La explicación está condensada en el primerísimo
show del grupo en Obras, en el lejano 1987, cuando todavía eran
“de culto” y frente a una platea en la que Fito Páez
fue golpeado por un grupo de intolerantes y Luca Prodan mirado como un
colado, un tipo de otro palo. Esa noche no importó que Joey tuviera
una gripe que apenas lo dejaba respirar: el público argentino tuvo
su primera dosis de uno de los shows más adrenalínicos sobre
la tierra, y ya no pudo dejar el hábito, como lo prueba la progresión
matemática de años y cantidad de shows por visita. No es
tan extraño. En esta tierra donde el rock más sanguíneo
encuentra los seguidores más fieles, un show como el de los Ramones
no podía pasar inadvertido.
Nunca tocaron más de setenta minutos, y nunca bajaron de las 27
canciones: un show Ramone era una descarga ultrafuriosa de electricidad
y potencia, apenas punteada por el “one, two, three, four” de
rigor, introducción a himnos de batalla como “I wanna be sedated”,
“Now I wanna sniff some glue”, “Sheena is a punk rocker”
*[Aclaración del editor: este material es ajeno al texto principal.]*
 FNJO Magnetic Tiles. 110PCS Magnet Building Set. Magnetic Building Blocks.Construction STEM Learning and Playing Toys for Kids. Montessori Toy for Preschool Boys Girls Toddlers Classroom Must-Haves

y “Pet Semetary”. Joey era un gigante inmóvil de voz
destrozada, y Johnny una máquina de disparar riffs cavernícolas,
y Dee Dee y Ritchie (luego reemplazados por CJ y Marky) eran una base
atronadora que se encargaba de mantener el vapor a toda presión.
Suficiente, y más que eso, para darle pasto a los pogos más
impactantes que se hayan visto en el estadio de Avenida del Libertador,
que para Ramones terminó siendo tan significativo como el CBGB
de sus comienzos. Aun en sus peores shows (el del ‘94 en Vélez,
incluso el de la despedida de Adiós amigos), Ramones le dio al
público local aquello que es inasible, pero resulta el mejor certificado
de popularidad y buen status rockero: aguante. Y un aguante bien ruidoso.